EXERCISE REQUIREMENTS -> Please copy each line of the listing below precisely, excluding the images.

*** DATASET SECTION Section Begins ***

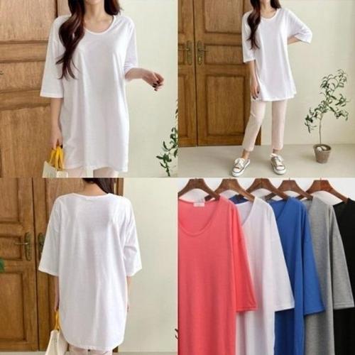 [엄지척]스판 Bd 여성의류 반팔 롱 박스 무지 오버핏 빅사이즈_19599156_667501
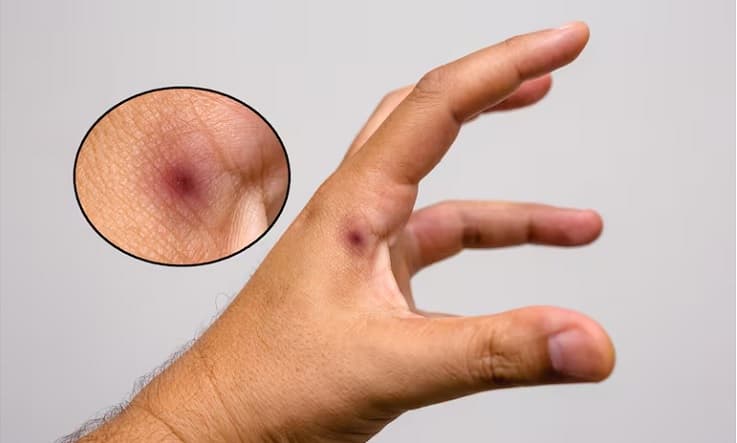 Así luce la picadura de un alacrán en la mano de un hombre.
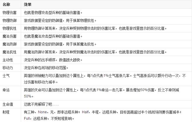兵種有如下主要屬性

*** DATASET SECTION Section Ends ***

YOUR RESPONSE ->
 [엄지척]스판 Bd 여성의류 반팔 롱 박스 무지 오버핏 빅사이즈_19599156_667501
 Así luce la picadura de un alacrán en la mano de un hombre.
兵種有如下主要屬性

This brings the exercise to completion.